只能说这几天的锻炼还是有效果的,电光火石之间,关可居然做出了自主反应。
她一把抓住了易骥的手臂,使劲往下一压。以战斗系统评估,这当然是个极其糟糕的动作,没有缓冲没有卸力,颈部往下又极其脆弱,这一拳挨实了,说不准就是一个颈骨骨折,直接送命都是有可能。
但好在现在不是真的在战斗。
反应过来不对,易骥险险地收住力道,拳头几乎贴在脖颈之上。
易骥拧着眉看向关可。
在他的判断里,刚才那一下,关可分明能躲开。
那句不快的“怎么回事?”还没有问出口,低头对上关可的脸后,却诡异地沉默了片刻。
关可还没从刚才的剧烈活动中缓过来,雪白的皮肤下泛着一层薄薄的晕红。
动作骤然停下,额上冒出的汗珠终于有了余裕往下流淌,洇湿了颊边的黑发,在洁白的下巴上汇聚成滴,随着喘息的动作摇摇晃晃,最后落在他的拳背上。
微凉的、湿润的感觉在手背上漫开。
易骥顿了下,胸腔里泛起了点点波澜。本来随着动作停滞而平息下的心跳渐渐加快了速度,另一种和汹涌杀意不同、但却同样激烈的情绪在胸腔中蔓延开来,让人几乎分辨不清楚。他展开了握拳的手,指尖碰触到颈项的皮肤,被汗水浸透后,湿淋淋又黏腻的触感透过指腹传来,他手指忍不住蜷了蜷,却并不是做出扼紧脖颈的动作,而是顺着那纤细的颈项摩挲着往上。

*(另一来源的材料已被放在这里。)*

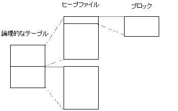 テーブルは、ブロックという8092バイトの領域が0~131072(1GB)個以下集まったものです。テーブル作成すると0Byteのヒープファイルというのが作成されます。
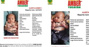 MÉRIDA, Yuc., 11 de diciembre 2023.- La Fiscalía General del Estado activó sendas Alerta Amber Yucatán para solicitar el apoyo de la ciudadanía a fin de dar con la búsqueda y localización de dos bebés sin registro, de 1 mes de edad, desaparecidos en Mérida, Yucatán. Aunque no se precisa, …

黑色的手套吸附着脖颈上的汗液,碰触的触感被无限放大。
关可本来还在尝试着喘匀了气儿再开口说话,这会儿惊恐地双手并用扒拉起了易骥的手。
这哥不是真的想掐死她吧?!
想到次次红名的训练,关可觉得这事不无可能。
但两人往日无怨近日无仇的,又在同一个机构里面,怎么也不至于此啊?她就是一个失误而已!!
扒拉了两下没能扒拉开,关可吓得眼泪都飚出来了,声音变调地,“等等!哥!我认输!!我输了!!”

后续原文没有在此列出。